Young Star

In this game, television is the big winner

DEFINITELY MAYBE - Carl Francis M. Ramirez -

I’ve been saying for a long time that television is catching up with film in all its artistic aspects. The writing the last few years with shows like Mad Men and Breaking Bad are all top-notch. Fine actors and actresses have entertained us all with characters like Alec Baldwin’s Jack Donaghy,(30 Rock) Bryan Cranston’s Walter White (Breaking Bad) and Sofia Vergara’s Gloria Pritchett (Modern Family). In terms of production value, where TV used to be the wasteland of the cheap and improvised, both the money and the talent have now started flowing, as can be seen with recent gems like Boardwalk Empire and The Pacific.
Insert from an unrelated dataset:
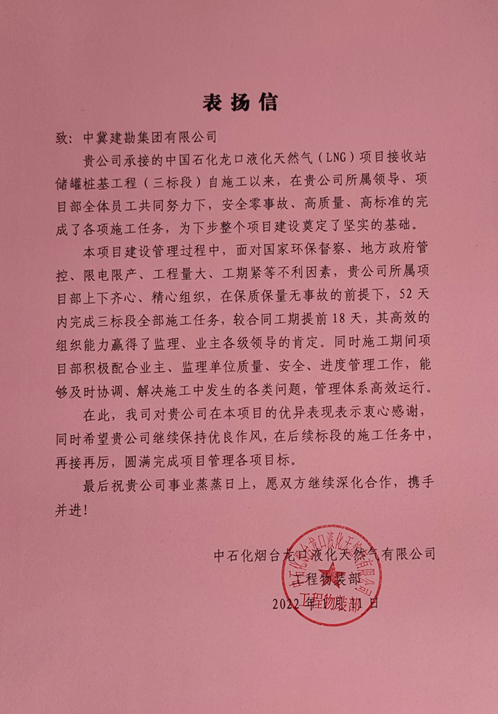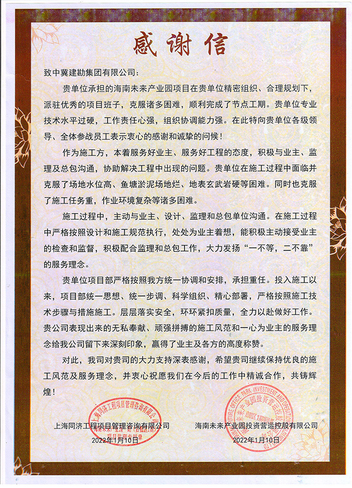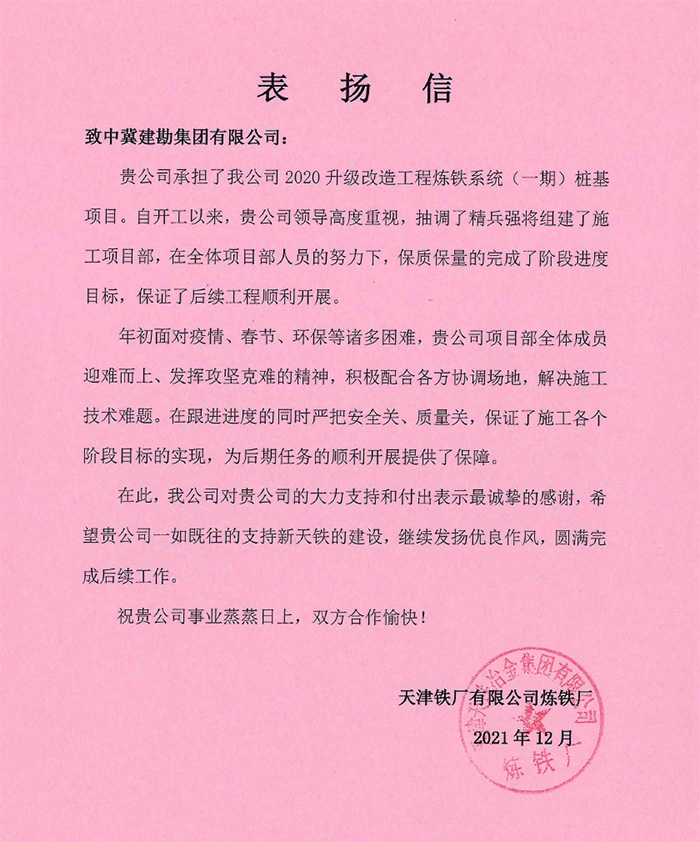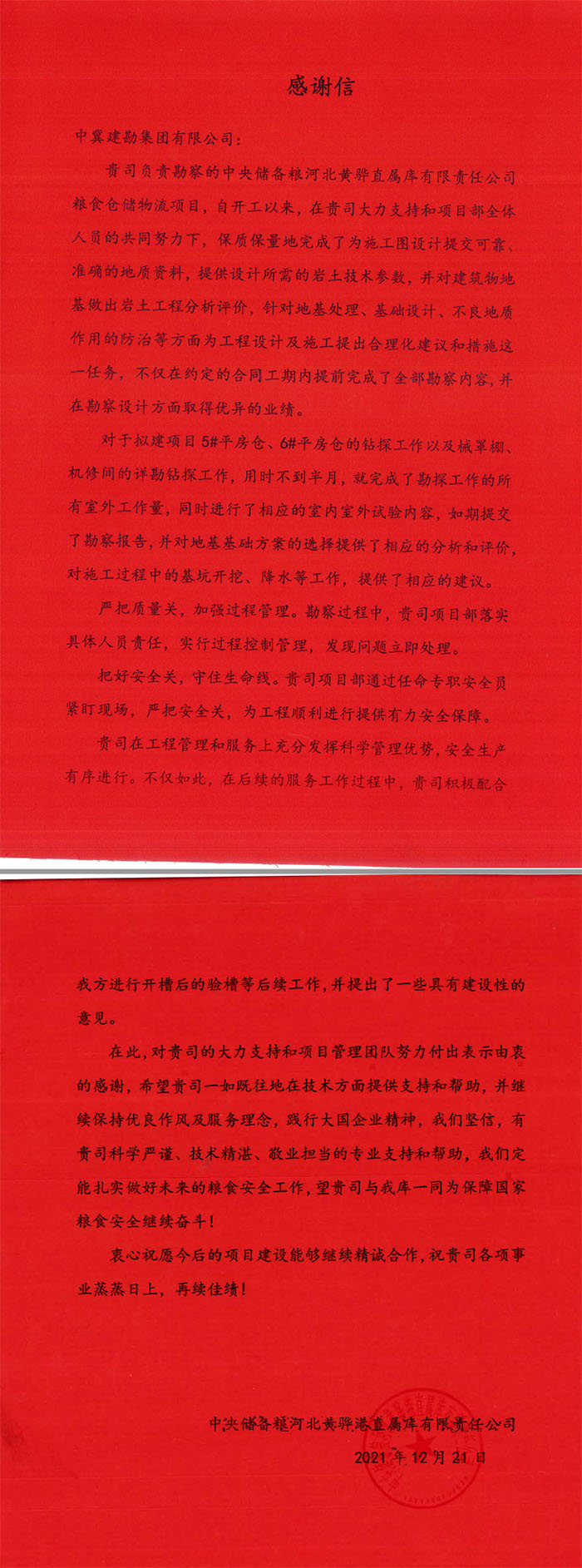 天津鐵廠有限公司煉鐵廠對我公司在疫情期間為確保項(xiàng)目目標(biāo)迎難而上、攻堅(jiān)克難的精神表示贊賞,對我公司一如既往的支持和客戶至上的理念表示感謝。中儲(chǔ)糧河北黃驊直屬庫有限公司對我公司的勘察報(bào)告、后續(xù)驗(yàn)收服務(wù)表示贊許,對公司提供的科學(xué)嚴(yán)謹(jǐn)、技術(shù)精湛、敬業(yè)擔(dān)當(dāng)?shù)膶I(yè)支持和幫助表示感謝。

There are many other examples of this positive convergence of art, talent and money for this medium, but the most recent, and certainly one of the best is HBO’s new series A Game of Thrones, based on the multi-volume fantasy series A Song of Ice and Fire by George R. R. Martin (in which A Game of Thrones is the title of the first book). This show, which is extremely faithful to the source material, showcases the deft hand of Martin in crafting drama and intrigue, as well the now-unrivaled production cachet of HBO in creating top-notch modern TV dramas.

The easiest and most accessible comparison (but by no means the best, nor the most accurate) to the world of A Game of Thrones is The Lord of Rings film trilogy – elements of magic and magical creatures, dark forces and rivaling factions. The world of Westeros is similar to that of Middle-Earth, an old world of fantasy where men wielded sword and shield to combat things they could not fully understand. But where LOTR excelled in its breadth and grandeur, Game of Thrones is all about depth and nuance. Thrones tackles nowhere near the scale of LOTR, but instead focuses on the humanity (or lack thereof) of its characters, the politics involved in a nation divided, and the struggles of men torn between duty and ambition.

The best part about this television production is the best part about Martin’s novels, and that is a plot filled with drama, intrigue, politics and the beauty and ugliness of human nature. Unlike other works of fantasy (LOTR), Game of Thrones almost exclusively revolves around humankind, and oftentimes becomes more poignant because of it.

Center to the troubles that shake Westeros and A Game of Thrones is Lord Eddard “Ned” Stark (played by LOTR alum Sean Bean). Ned Stark is a man of honor and tradition, and has proudly served his duty as protector of the North all his life. When the King, Robert Baratheon (Mark Addy) asks him to be the Hand of the King, the second-most powerful man in the land, a number of conflicts arise. Everybody in this story has some kind of stake in the Iron Throne of the King. From the eunuchs to merchants to knights and even to the Queen herself, motives are always suspicious. Ned’s family is put in danger; the crown is threatened by forces within and outside the kingdom; and all this while a deathly winter looms and threatens to bring dark times to land of Westeros.

What makes Game of Thrones a television success is that, though it is a story in a world of fantasy, it is not about flash and fireworks of magic and dragons. It plays to the strengths of the small screen. It takes its time to develop plotlines, establish relationships and tell fleshed-out stories without having to worry about the 120-minute allotment of most feature films. It can draw out conflicts over several episodes, paying more attention to developing characters.

For example, we see Ned stark at the beginning of this series as an unshakeable man of justice and tradition. Upon beheading a man guilty of desertion, Lord Stark says to his young son Bran, “We hold to the belief that the man who passes the sentence swings the sword.” Stark believes that he who condemns a man to death must be willing to take that life himself, in keeping with tradition. Throughout the series though, Stark finds himself less and less a man of authority who renders justice, and more and more a victim of a conspiracy for the Iron Throne, failing to receive justice for acts against him and his kin and losing friends, family and allies along the way.

This atmosphere is beautifully set by its producers, and props to HBO for shelling out the cash to re-create George R. R. Martin’s world of ice and fire. It is reported that pilot episode of Game of Thrones alone had a budget of between $5-$10 million. The end result is a beautiful world filled with castles and dragon skulls and endless sword fights. More importantly the big budget netted A Game of Thrones a top-notch cast, headlined by Sean Bean but highlighted by Peter Dinklage (the little man in Elf), who plays Tyrion Lannister, the midget younger brother of Queen Cersei Lannister, nicknamed “The Imp.” Dinklage is a scene-stealer, even when everyone on this show literally towers over him. His performance alone in this series is worth the watching. He’s that good.

There are many more characters worthy of note, but it is a testament to the well-rounded cast that they are too numerous to mention here. The same for the many different plots and subplots that the show throws at us week after week. With this solid cast, the beautifully reimagined world of Westeros and a plot that twists and turns to every alley of politics, sex and bloodshed, A Game of Thrones is a dazzling showcase of how far television has become.